The multi-objective optimization is to optimize several objective functions over a common feasible set. Since the objectives usually do not share a common optimizer, people often consider (weakly) Pareto points. This paper studies multi-objective optimization problems that are given by polynomial functions. First, we study the convex geometry for (weakly) Pareto values and give a convex representation for them. Linear scalarization problems (LSPs) and Chebyshev scalarization problems (CSPs) are typical approaches for getting (weakly) Pareto points. For LSPs, we show how to use tight relaxations to solve them, how to detect existence or nonexistence of proper weights.

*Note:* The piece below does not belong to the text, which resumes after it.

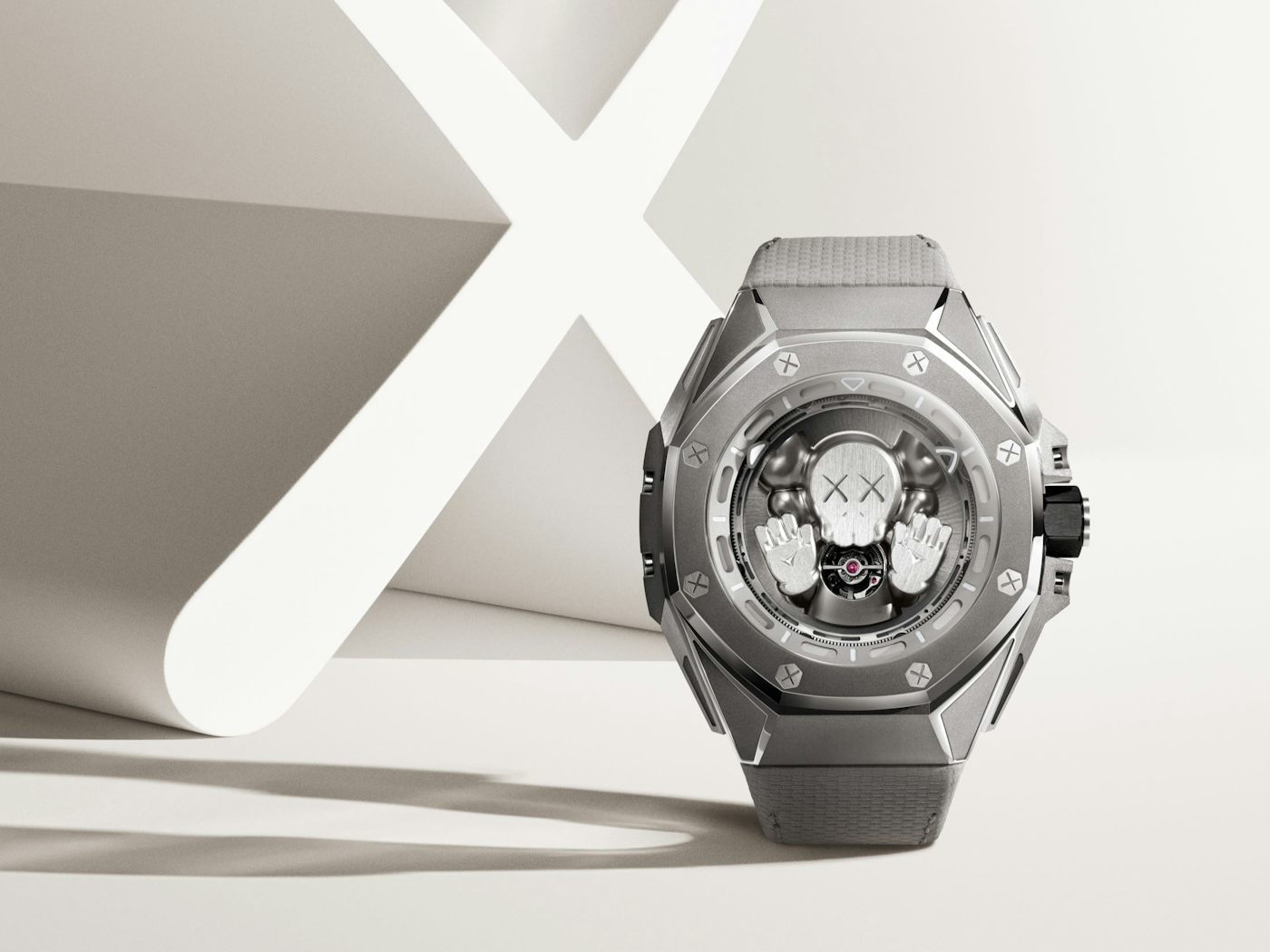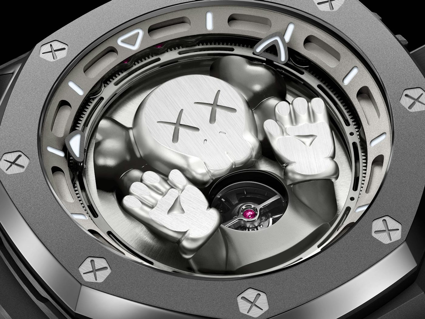 Kaws’ artistic influence extends to the movement, where the ratchet wheel incorporates the artist’s signature X motif.
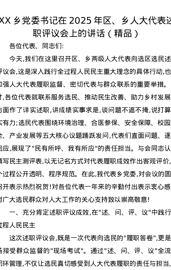 XX乡党委书记在2025年区、乡人大代表述职评议会上的讲话

For CSPs, we show how to solve them by moment relaxations. Moreover, we show how to check if a given point is a (weakly) Pareto point or not and how to detect existence or nonexistence of (weakly) Pareto points. We also study how to detect unboundedness of polynomial optimization, which is used to detect nonexistence of proper weights or (weakly) Pareto points.

Zi Yang is a postdoctoral scholar in the Electrical & Computer Engineering Department at UC Santa Barbara. His current research includes optimization, tensor computation, and their applications in machine learning and data science. Prior to joining UCSB, he obtained Ph.D. in mathematics from UC San Diego, where he conducted research in polynomial and tensor optimization.